Trump’s argument that New York’s current suffering could have been stopped if Schumer hadn’t cared about impeachment reflects a new line of argument from the GOP, which suggests that the government would have dealt with the coronavirus better if it hadn’t been so focused on the president’s dealings in Ukraine. (This argument, of course, conveniently ignores that the Trump administration ignored warnings and advice about a potential pandemic even before impeachment, and continued to downplay the coronavirus well after the president was acquitted by the Senate.) Senate Majority Leader Mitch McConnell said Tuesday that he thinks impeachment “diverted the attention of the government, because everything every day was all about impeachment.” But Trump contradicted McConnell at his press briefing Tuesday, saying, “I don’t think I would have done any better had I not been impeached,” causing the Senator to walk back his comments and say that he meant Congress specifically. “We were all kind of preoccupied, I’m talking about the Congress side,” McConnell told the Washington Post Wednesday. “The administration can speak for itself.” Pelosi, however, thinks that McConnell shouldn’t use impeachment as an excuse for his and Trump’s own failings. “I think that’s an admission that perhaps the president and the majority leader cannot handle the job,” Pelosi said on CNN about McConnell’s initial comments. “We have a life-and-death situation in our country, and they should not try to hide behind an excuse for why they did not take action.”

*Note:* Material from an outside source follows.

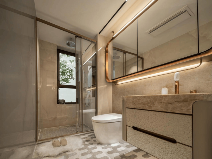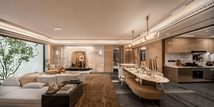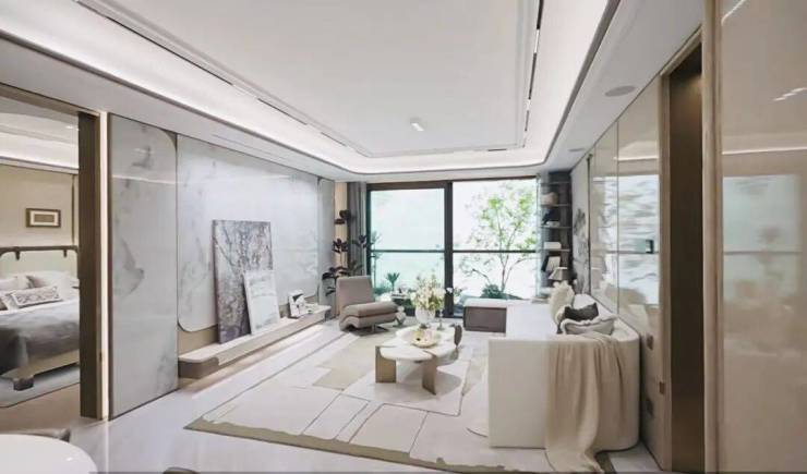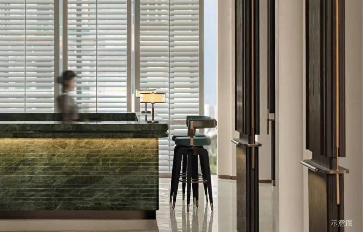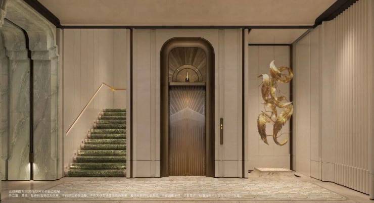 交付标准:精装修交付,玄关与背景墙采用芬迪白、万象山河、海蓝之谜等珍稀天然奢石,彰显高端格调

As McConnell points fingers at Democrats for what went wrong in the government’s slow response to COVID-19, the Senate Majority Leader is also signaling his unwillingness to give into the other side as the coronavirus relief effort moves forward. With the stimulus package’s passage behind them, Pelosi has announced that her next planned phase of coronavirus response includes legislation to address inadequate infrastructure, with a plan to invest an additional $10 billion into health care centers, along with funding for housing, education, increased broadband access, improved local water quality, and more. The planned legislation reflects inequalities that have been further exposed by the coronavirus crisis, particularly in rural and low-income areas that don’t have adequate access to health care and broadband.

While Trump himself has expressed enthusiasm for an investment in infrastructure amid the coronavirus outbreak, however, McConnell told the Post that Pelosi’s plan is a “non-starter.” The Senator said that he would engage in bipartisan talks about how to address the coronavirus fallout—but intends to move slowly and not give into Pelosi’s demands. “She needs to stand down on the notion that we’re going to go along with taking advantage of the crisis to do things that are unrelated to the crisis,” McConnell told the Post, calling the House Speaker’s planned legislation “premature.” McConnell’s argument reflects a seeming broader line of thinking among congressional Republicans that the government should hold off on future relief measures, despite the fast-spreading virus and the widespread economic devastation it’s leaving in its wake. “Let’s let [the stimulus package] work. Let’s let this work inside America,” McCarthy said last week.

Pelosi, however, plans to keep pushing forward despite McConnell’s opposition. “The victims of the coronavirus pandemic cannot wait,” Pelosi said in a statement. “It is moving faster than the leader may have suspected, and even he has said that some things should wait for the next bill. I hope that we can work in a four corners manner for the common good.”